> [Instructions to follow]
Return the data word for word. Pictures are to be omitted.

> [Data excerpt]
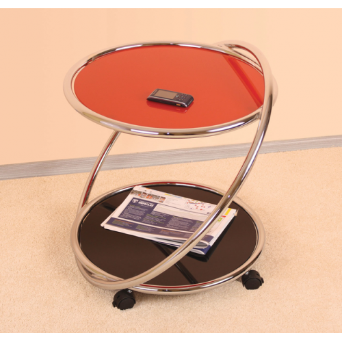 Стол журнальный С01 имеет стеклянную столешницу и полку - стекло 6 мм. Высота стола 570 мм. Дизайн выполнен методом покраски. Крепление столешницы и полки к каркасу стола с помощью присосок. Каркас стола металлический, покрытие - хром, имеет колесные опоры.
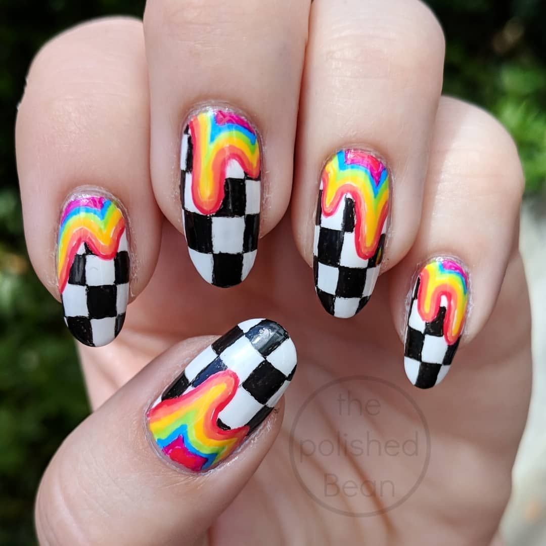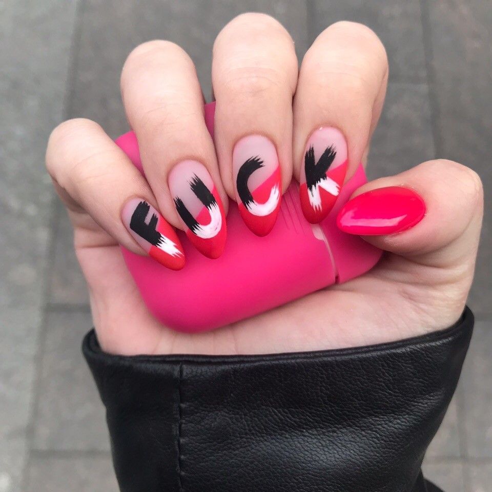 Как мы уже говорили, модное направление гранж является ярким примером отсутствия каких-либо рамок или ограничений, касающихся создания образа, макияжа или маникюра. В нём сочетается всё и со всем. Поэтому подходя к вопросу создания трендового нейл-арта в стиле гранж можно смело экспериментировать и использовать неоновые и кислотные оттенки, которые, как и их тёмные сородичи, являются полной противоположностью лаконичной классике. Среди модных идей броские однотонные ноготки в стиле «вырви глаз» и маникюр с «огненным» дизайном, идеи оформления с шахматной доской, абстракцией и надписями. А также маникюр с элементами негативного пространства, тёмными графическими композициями и радужный маникюр с характерными потёками.
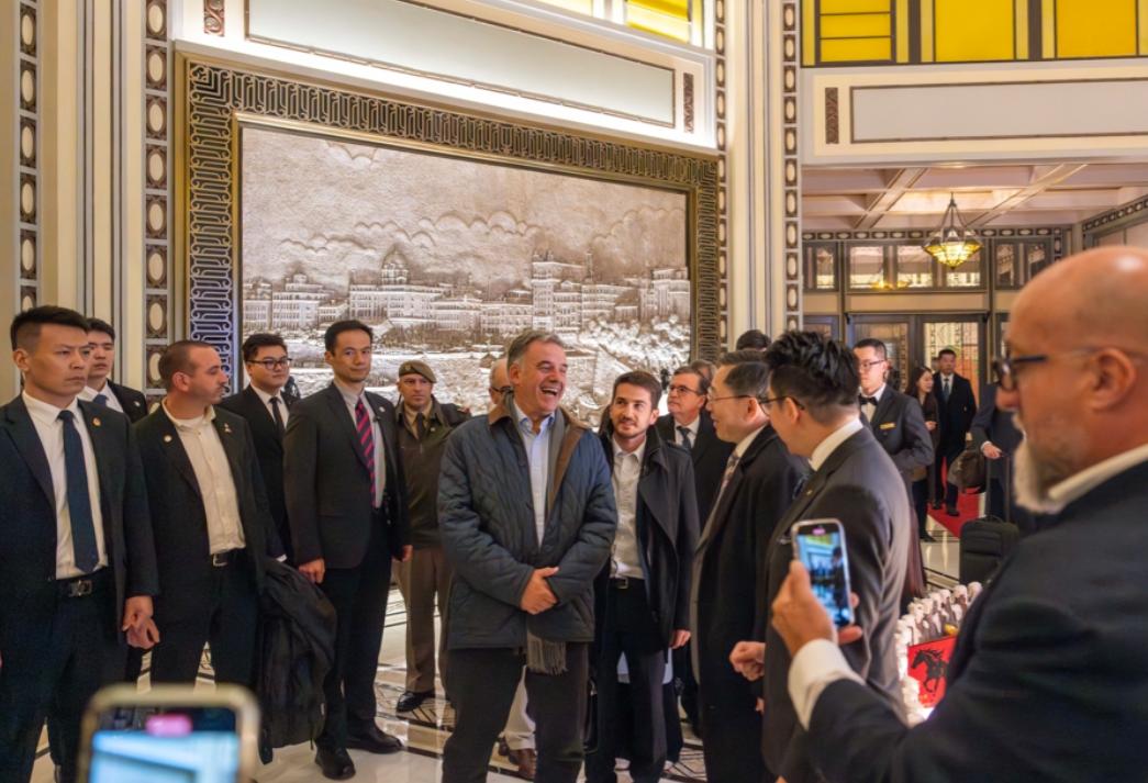 乌拉圭总统结束北京行程,4日晚到上海和平饭店,一楼大厅乐队演奏乌拉圭名曲《化妆舞会》欢迎奥尔西总统的到来。 只见他走在人群中,脸上的笑容藏不住,可见饭店为他准备的惊喜让他很开心,总统先生双手合十感谢接待人员,然后进入包间准备吃饭,而且和平饭店早已悬挂了乌拉圭国旗迎接总统先生,晚餐也是提前准备好的。 这个饭店大家并不陌生,因为日前英国首相斯塔默离华最后一餐就是在这里吃的饭,而且吃饭之前还去逛外滩,吃饭后乘车去机场,访华行程圆满结束。

> [Reply to the exercise]
 Стол журнальный С01 имеет стеклянную столешницу и полку - стекло 6 мм. Высота стола 570 мм. Дизайн выполнен методом покраски. Крепление столешницы и полки к каркасу стола с помощью присосок. Каркас стола металлический, покрытие - хром, имеет колесные опоры.
 Как мы уже говорили, модное направление гранж является ярким примером отсутствия каких-либо рамок или ограничений, касающихся создания образа, макияжа или маникюра. В нём сочетается всё и со всем. Поэтому подходя к вопросу создания трендового нейл-арта в стиле гранж можно смело экспериментировать и использовать неоновые и кислотные оттенки, которые, как и их тёмные сородичи, являются полной противоположностью лаконичной классике. Среди модных идей броские однотонные ноготки в стиле «вырви глаз» и маникюр с «огненным» дизайном, идеи оформления с шахматной доской, абстракцией и надписями. А также маникюр с элементами негативного пространства, тёмными графическими композициями и радужный маникюр с характерными потёками.
 乌拉圭总统结束北京行程,4日晚到上海和平饭店,一楼大厅乐队演奏乌拉圭名曲《化妆舞会》欢迎奥尔西总统的到来。 只见他走在人群中,脸上的笑容藏不住,可见饭店为他准备的惊喜让他很开心,总统先生双手合十感谢接待人员,然后进入包间准备吃饭,而且和平饭店早已悬挂了乌拉圭国旗迎接总统先生,晚餐也是提前准备好的。 这个饭店大家并不陌生,因为日前英国首相斯塔默离华最后一餐就是在这里吃的饭,而且吃饭之前还去逛外滩,吃饭后乘车去机场,访华行程圆满结束。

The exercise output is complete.